### DATA SEGMENT
* * *

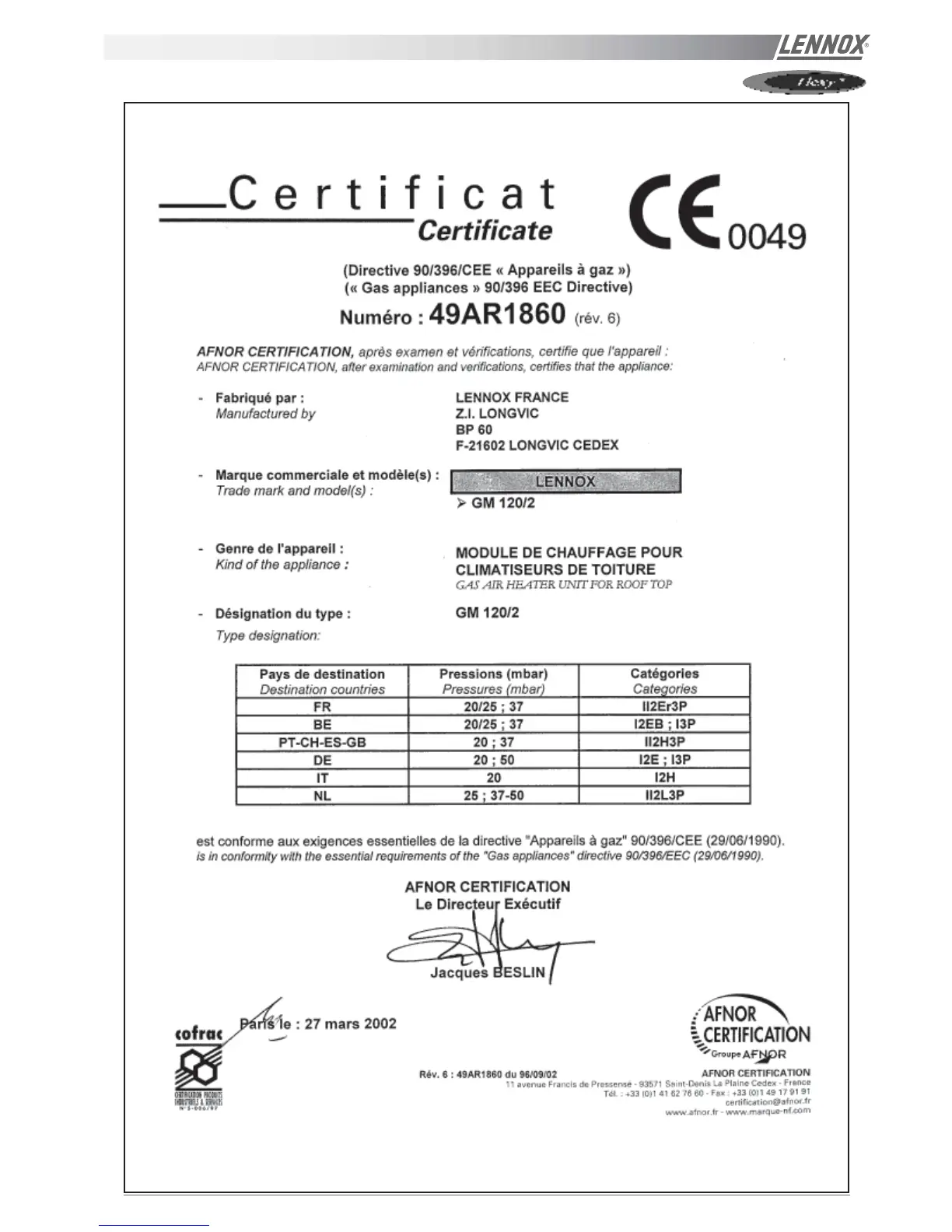 120 kW GAS BURNER CE CERTIFICATION OF CONFORMITY
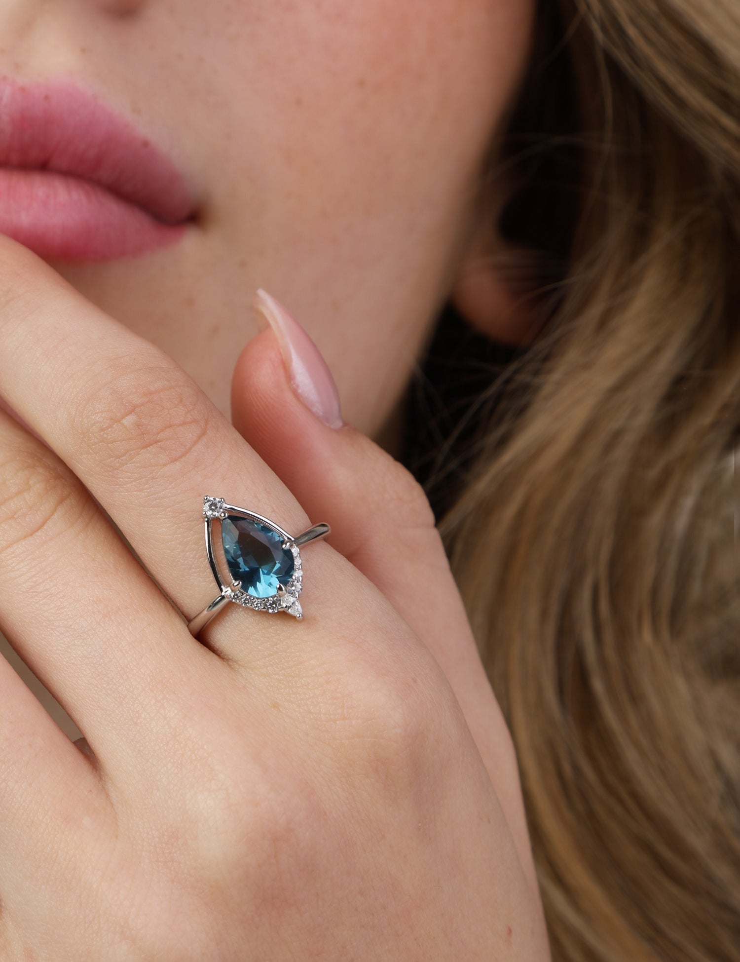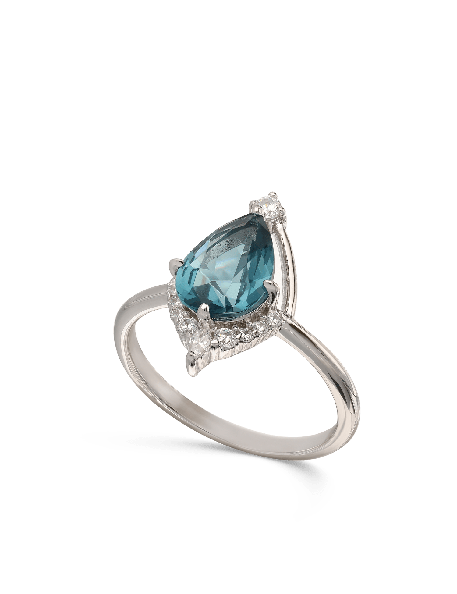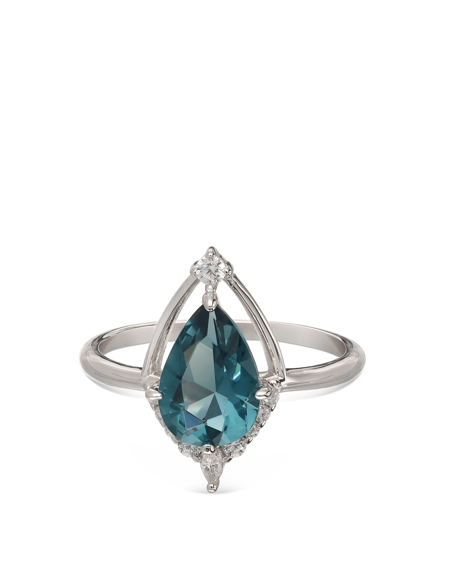 Anel delicado banhado a ouro com zircónia e vidro cristal verde
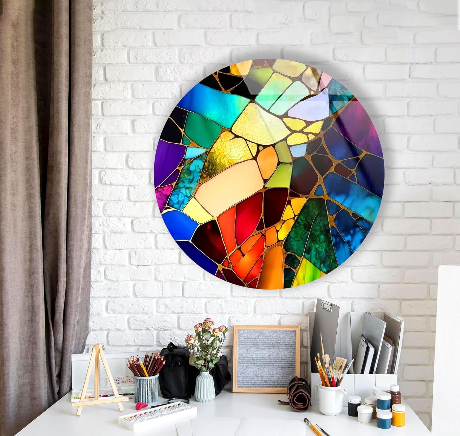 My Photostation.com 39,4''(100cm) Diameter Multicolor Round Stained Glass Wall Art Vibrant Mosaic Abstract Panel Tempered Glass Printing Wall Decor Large Wall Art Wall Hangings
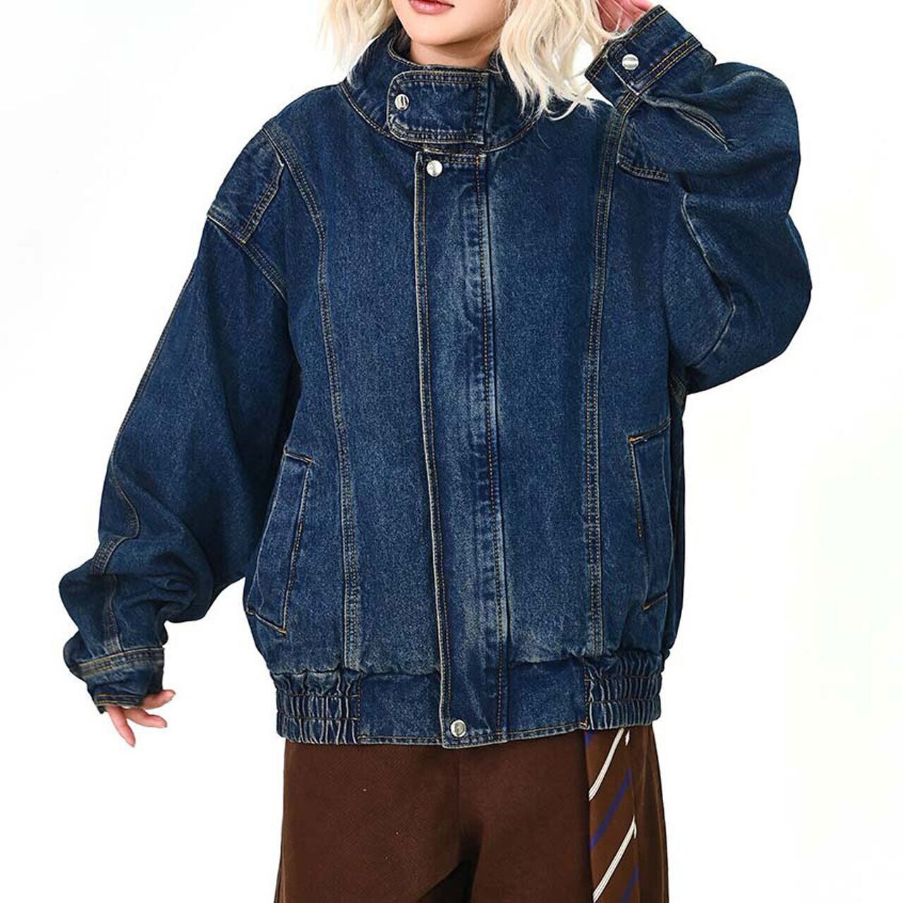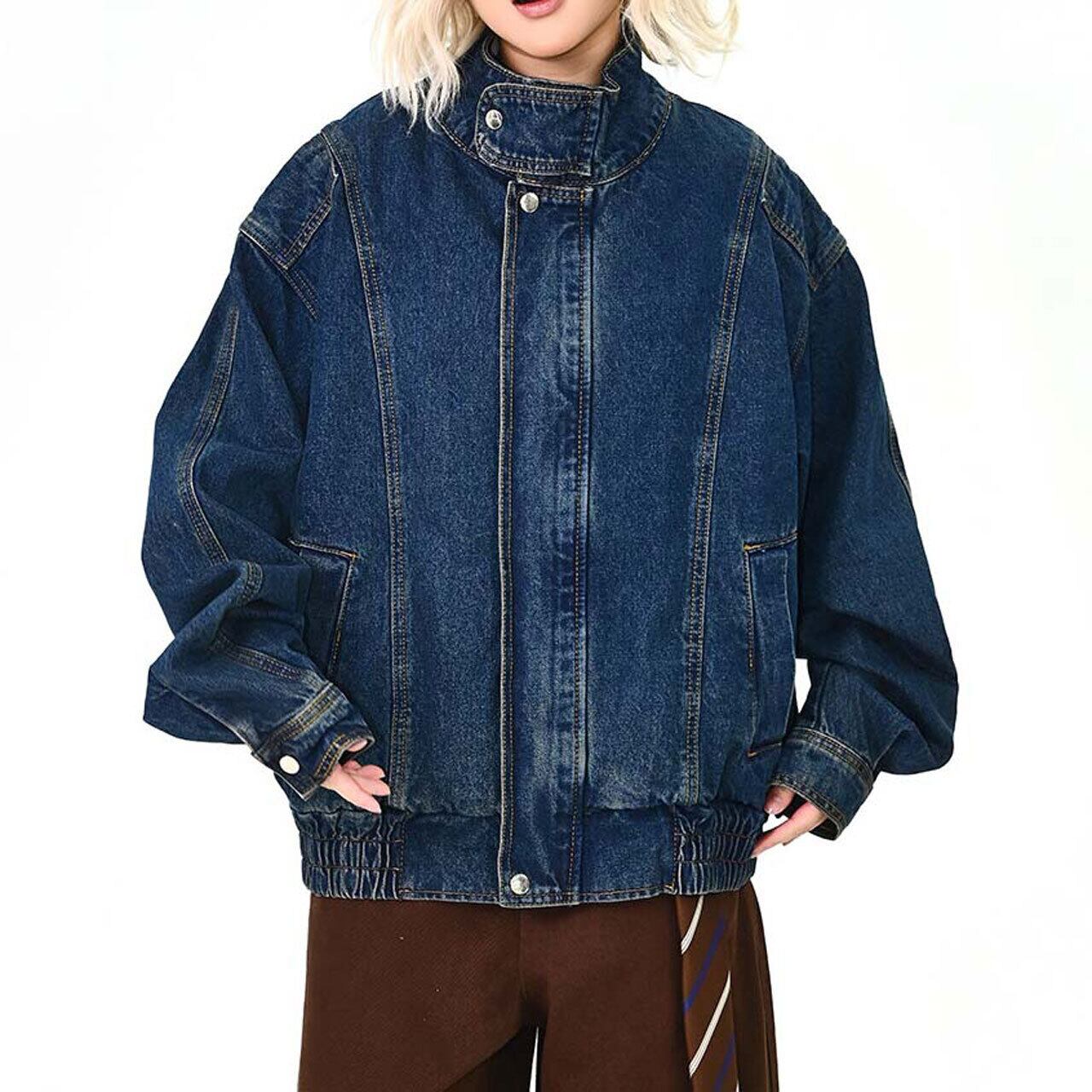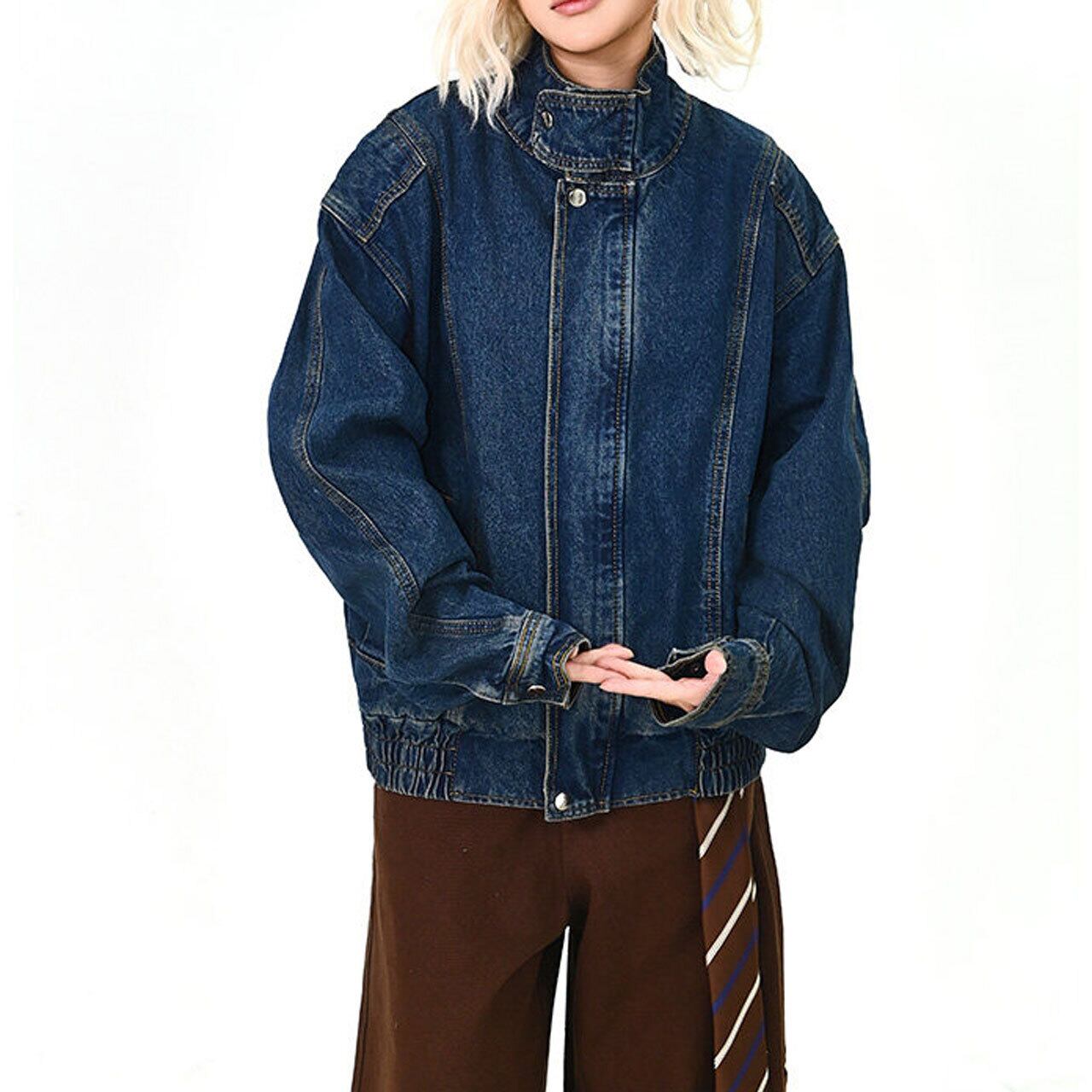 スタンドネックステッチデニムブルゾン 1col R01575

* * *

### TASK DETAILS
Leave the images aside and retype each line of the listing above exactly.

### SOLUTION
 120 kW GAS BURNER CE CERTIFICATION OF CONFORMITY
 Anel delicado banhado a ouro com zircónia e vidro cristal verde
 My Photostation.com 39,4''(100cm) Diameter Multicolor Round Stained Glass Wall Art Vibrant Mosaic Abstract Panel Tempered Glass Printing Wall Decor Large Wall Art Wall Hangings
 スタンドネックステッチデニムブルゾン 1col R01575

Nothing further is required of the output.